■ WORK REQUIRED ■
Transcribe the records word for word, beginning with the first line and ending with the line that contains "投票は、学年別に体育館で実施"; include nothing else.

■ MATERIAL FOR THIS TASK ■

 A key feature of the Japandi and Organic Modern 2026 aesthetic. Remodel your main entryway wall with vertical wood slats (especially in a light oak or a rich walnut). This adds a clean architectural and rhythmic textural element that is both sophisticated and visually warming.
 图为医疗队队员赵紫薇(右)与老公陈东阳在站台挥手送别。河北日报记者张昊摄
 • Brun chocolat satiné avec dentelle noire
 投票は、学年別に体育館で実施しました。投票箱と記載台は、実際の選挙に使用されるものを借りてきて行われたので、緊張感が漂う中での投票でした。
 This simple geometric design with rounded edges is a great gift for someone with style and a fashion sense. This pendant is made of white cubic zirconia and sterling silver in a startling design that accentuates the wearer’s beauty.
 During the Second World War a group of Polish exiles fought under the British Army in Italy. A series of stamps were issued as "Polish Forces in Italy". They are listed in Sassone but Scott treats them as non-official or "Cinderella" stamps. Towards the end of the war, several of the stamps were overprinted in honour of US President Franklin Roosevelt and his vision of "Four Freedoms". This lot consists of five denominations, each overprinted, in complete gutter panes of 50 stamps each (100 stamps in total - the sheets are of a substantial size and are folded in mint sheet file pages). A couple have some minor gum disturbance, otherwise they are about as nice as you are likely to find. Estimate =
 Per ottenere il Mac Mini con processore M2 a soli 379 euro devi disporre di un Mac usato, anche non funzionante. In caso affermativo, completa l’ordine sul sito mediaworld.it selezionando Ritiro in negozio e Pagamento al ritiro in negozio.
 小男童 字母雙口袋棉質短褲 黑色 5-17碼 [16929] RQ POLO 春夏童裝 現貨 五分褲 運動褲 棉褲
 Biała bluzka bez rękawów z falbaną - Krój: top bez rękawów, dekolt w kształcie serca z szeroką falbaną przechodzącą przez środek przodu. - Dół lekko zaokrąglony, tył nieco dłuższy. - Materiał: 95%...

■ SOLUTION TO THE EXERCISE ■
 A key feature of the Japandi and Organic Modern 2026 aesthetic. Remodel your main entryway wall with vertical wood slats (especially in a light oak or a rich walnut). This adds a clean architectural and rhythmic textural element that is both sophisticated and visually warming.
 图为医疗队队员赵紫薇(右)与老公陈东阳在站台挥手送别。河北日报记者张昊摄
 • Brun chocolat satiné avec dentelle noire
 投票は、学年別に体育館で実施しました。投票箱と記載台は、実際の選挙に使用されるものを借りてきて行われたので、緊張感が漂う中での投票でした。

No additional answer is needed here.